ISSN 1470-3947 (print) | ISSN 1479-6848 (online)

Endocrine Abstracts (2017) 50 P061 | DOI: 10.1530/endoabs.50.P061

Prevalence of Kidney Stones and Osteoporosis in Patients with Primary Hyperparathyroidism (PHPT)

Sherwin Criseno, Neil Gittoes & Tarekegn Hiwot


University Hospital Birmingham NHS Foundation Trust, Birmingham, UK.


Aim: To evaluate the prevalence of kidney stones and osteoporosis in a cohort of patients with a confirmed diagnosis of primary hyperparathyroidism (PHPT).

Study Design: This retrospective study reviewed the clinical records of patients with a confirmed diagnosis of PHPT in a single tertiary referral centre for metabolic bone disease over a period of 6 years (January 2010 – December 2015).

Patients: There were a total of 258 patients included in the study. 206 women (173 post-menopausal and 33 pre-menopausal) and 52 men with mean age of 63.5 + 14.84 years.

Method: The clinical records of 258 patients were scrutinised to determine the prevalence of kidney stones (as identified by abdominal ultrasound or X-ray or computed tomography scan) and osteoporosis (defined as bone mineral density T-score of <−2.5 measured by dual-energy X-ray absorptiometry [DXA]). The prevalence of kidney stones and osteoporosis were compared between the symptomatic and asymptomatic PHPT patients.

Results: The prevalence of kidney stones in those who had undergone renal imaging was 13.86% (28 out of 202). There was no difference in the prevalence of kidney stones between the symptomatic and asymptomatic patients (15.45% versus 11.96%, P=0.5428). The prevalence of osteoporosis was found to be 43.62% (from 188 patients who had bone DXA scan). There was also no difference in the prevalence of osteoporosis between the symptomatic and asymptomatic patients (43.43% versus 43.82%, P=1.0000).

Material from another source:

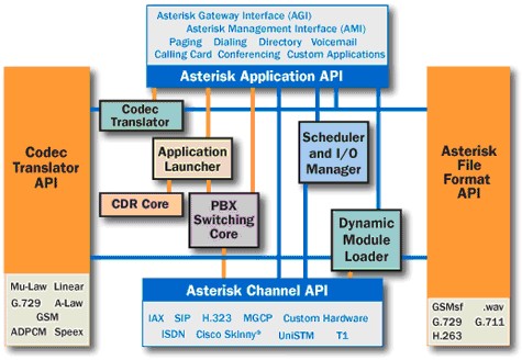 Asterisk具有傳統(tǒng)PBX無法比擬的優(yōu)點,那就是其靈活性,可擴展能力;Asterisk的擴展能力是通過開放相應(yīng)的架構(gòu)和接口來實現(xiàn)的。這就意味著Asterisk是一個組件而不是一個成型的產(chǎn)品,Asterisk的核心提供了一個基本的可運行環(huán)境,而外圍相應(yīng)的能力則可以通過加載和配置相關(guān)的插件和模塊來實現(xiàn)。

Conclusion: Kidney stones and osteoporosis are common in both symptomatic and asymptomatic PHPT patients. The results from this study provide further evidence of the need for a more rigorous and consistent evaluation of the kidneys and skeleton of patients diagnosed with PHPT in order to identify and manage these well- known end-organ complications appropriately.